Reputation: 111
How to find out the entropy of the English language by using isolated symbol probabilities of the language?
Upvotes: 10
Views: 10859
Reputation: 69997
If we define 'isolated symbol probabilities' in the way it's done in this SO answer, we would have to do the following:
Obtain a representative sample of English text (perhaps a carefully selected corpus of news articles, blog posts, some scientific articles and some personal letters), as large as possible
Iterate through its characters and count the frequency of occurrence of each of them
Use the frequency, divided by the total number of characters, as estimate for each character's probability
Calculate the average length in bits of each character by multiplying its probability with the negative logarithm of that same probability (the base-2 logarithm if we want the unit of entropy to be bit)

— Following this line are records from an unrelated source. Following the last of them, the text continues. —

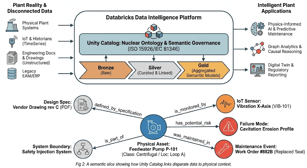 O que esses esforços compartilham é uma abordagem comum. A abordagem começa definindo os objetos sobre os quais uma planta raciocina (sistemas, componentes, sensores, documentos, restrições, compromissos de licenciamento) e, em seguida, define como eles se conectam. Uma bomba pertence a um sistema. Um sensor mede uma variável em um componente. Uma válvula define parte de um limite de isolamento. Um componente herda os requisitos de qualificação de seu local de instalação. Um compromisso de licenciamento remete às suposições de configuração que o suportam. Essa estrutura é uma ontologia.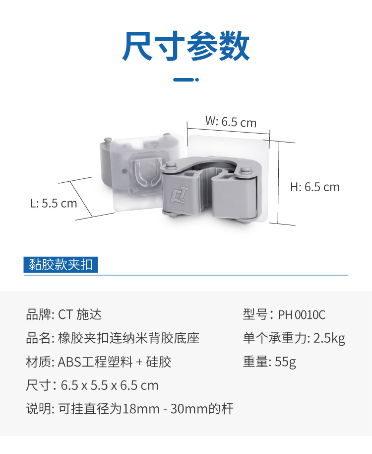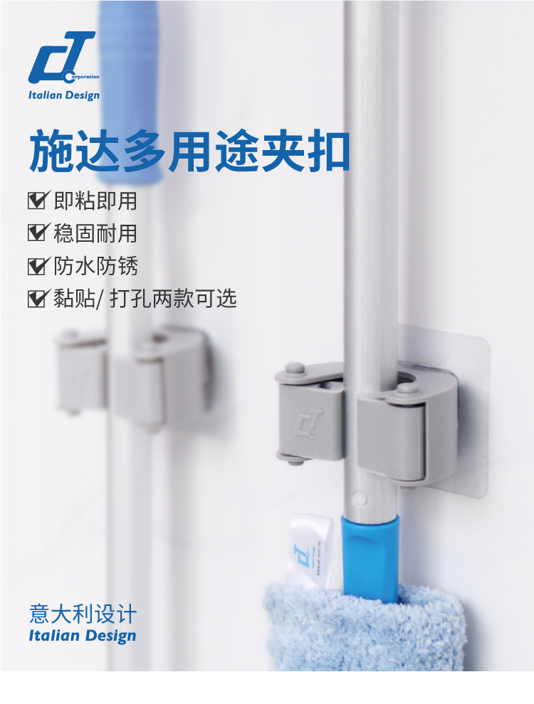 品名:CT 施(shī)達 拖把夾扣連免打孔底座 配膠水+螺絲 2個(gè)裝 PH 0020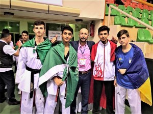 The new national head coach of Saudi Arabia (KSA) Aziz Acharki was lucky to build very fast – within approx. a half year – a successful new Taekwondo Team. On one of their first international championships they succeeded to gain a GOLD medal won by the young Saudi Mohammed Alsowaiq.
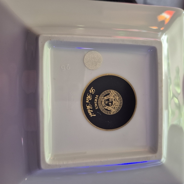 Ez a Rosenthal márkájú, négyzet alakú porcelán tál gazdagon díszített, klasszikus arany és kék mintákkal, valamint vörös középrésszel. A tál belső oldalán részletes, barokk stílusú ornamentika látható, amely elegáns és exkluzív megjelenést kölcsönöz a tárgynak. A hátoldalon a Rosenthal márkajelzés és a gyártói pecsét található, amely igazolja a termék eredetiségét. A tál kiváló minőségű porcelánból készült, és dísztárgyként vagy különleges alkalmakra is ideális választás lehet. A tál mérete körülbelül 25 cm x 25 cm.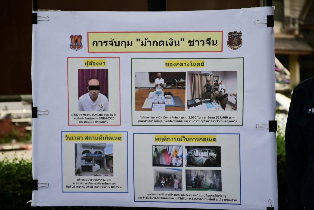 สำหรับการจัมกุมชายชาวจีน พร้อมบัตรเอทีเอ็ม 2,057 ใบ เกิดขึ้นเมื่อวันที่ 23 ตุลาคม 2568 เวลาประมาณ 00.04 น. เจ้าหน้าที่ตำรวจชุดจับกุม สภ.เมืองเชียงราย ออกตรวจ พื้นที่บริเวณหน้าธนาคารกรุงเทพ ถนนธนาลัย ตำบลเวียง อำเภอเมืองเชียงราย พบชายชาวจีนมีท่าทางพิรุธ เมื่อเรียกตรวจได้พยายามวิ่งหลบหนี ทางเจ้าหน้าที่ตำรวจได้ควบคุมตัวเอาไว้ ในเบื้องต้นทราบชื่อคือ Mr. HU HAOJIE อายุ 35 ปี สัญชาติจีน ตรวจค้นพบ บัตรเอทีเอ็ม หลายธนาคาร และสลิปโอนเงินหลายรายการ จึงควบคุมตัวสอบสวน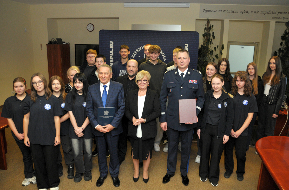 W uroczystym podpisaniu porozumienia uczestniczyli również pracowniczy WSPiA, funkcjonariusze policji oraz uczniowie klasy mundurowej z Zespół Szkół w Tyczynie i Zespół Szkół Sportowych w Rzeszowie.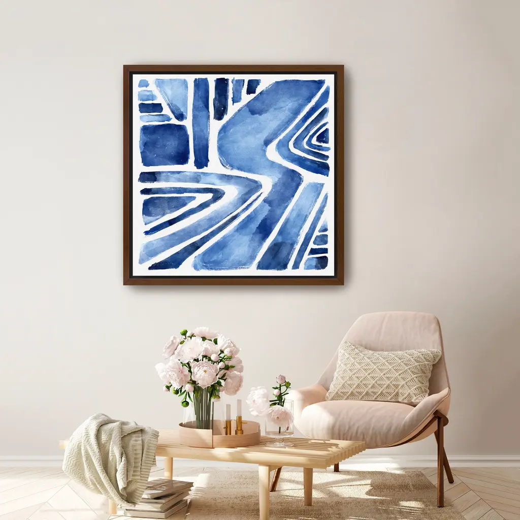 Blue Abstract Geometric Canvas Giclee - Framed / Dark Walnut / 30x30
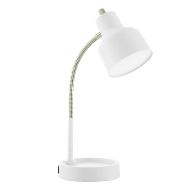 The Mainstays 17-Inch LED Desk Lamp is the most affordable functional desk lamp available — flexible gooseneck arm, a catch-all base tray, and a built-in AC outlet make it a practical pick for tight budgets.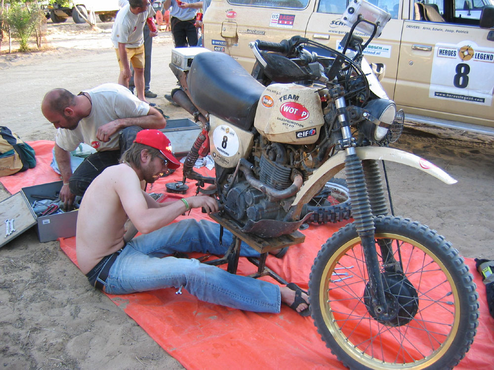Nach der Brücke über einen Fluß dann die Einreise nach Senegal, die genau so gut verläuft. Lutz ist schon durch und als Marco und ich die Pässe haben fahren auch wir ins Camp in Bango. Es ist sehr nett hier mit Pool und Toiletten. Viele Teilnehmer haben sich Zimmer genommen, wir bleiben aber beim Campen. Ich helfe dem WOT&P Team beim Richten der Bremse und Bart Franssen beim Einstellen der Zündung. 20.00 Uhr Briefing für den nächsten Tag. 80min für 80km Sand am Strand und in den Dünen. Start ist erst um 13.30 Uhr, wir haben genug Zeit für die 204km Liaison.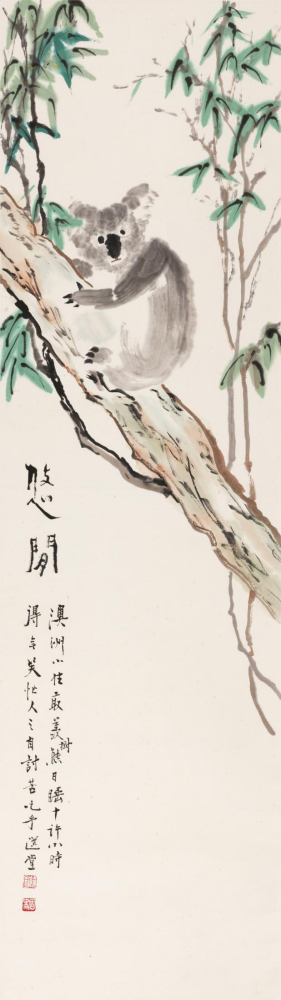 款识:悠闲。澳洲小住,最羡树熊日谁十许小时,得无笑忙人之自讨苦吃乎,选堂。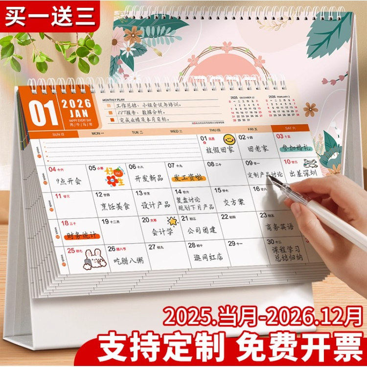 台历2026年新款日历定制logo创意简约小清新韩式办公年历个性中国风桌面摆件商务工作记事计划本订制广告月历

Take the sum of all average lengths of all characters. That is the result.
Caveats:
This isolated-symbols entropy is not what is usually referred to as Shannon's entropy estimate for English. Shannon based the entropy on conditional n-gram probabilities, rather than isolated symbols, and his famous 1950 paper is largely about how to determine the optimal n.
Most people who try to estimate the entropy of English exclude punctuation characters and normalise all text to lowercase.
The above assumes that a symbol is defined as a character (or letter) of English. You could do a similar thing for entire words, or other units of text.
Code example:
Here is some Python code that implements the procedure described above. It normalises the text to lowercase and excludes punctuation and any other non-alphabetic, non-whitespace character. It assumes that you have put together a representative corpus of English and provide it (encoded as ASCII) on STDIN.
import re
import sys
from math import log
# Function to compute the base-2 logarithm of a floating point number.
def log2(number):
return log(number) / log(2)
# Function to normalise the text.
cleaner = re.compile('[^a-z]+')
def clean(text):
return cleaner.sub(' ',text)
# Dictionary for letter counts
letter_frequency = {}
# Read and normalise input text
text = clean(sys.stdin.read().lower().strip())
# Count letter frequencies
for letter in text:
if letter in letter_frequency:
letter_frequency[letter] += 1
else:
letter_frequency[letter] = 1
# Calculate entropy
length_sum = 0.0
for letter in letter_frequency:
probability = float(letter_frequency[letter]) / len(text)
length_sum += probability * log2(probability)
# Output
sys.stdout.write('Entropy: %f bits per character\n' % (-length_sum))
Upvotes: 18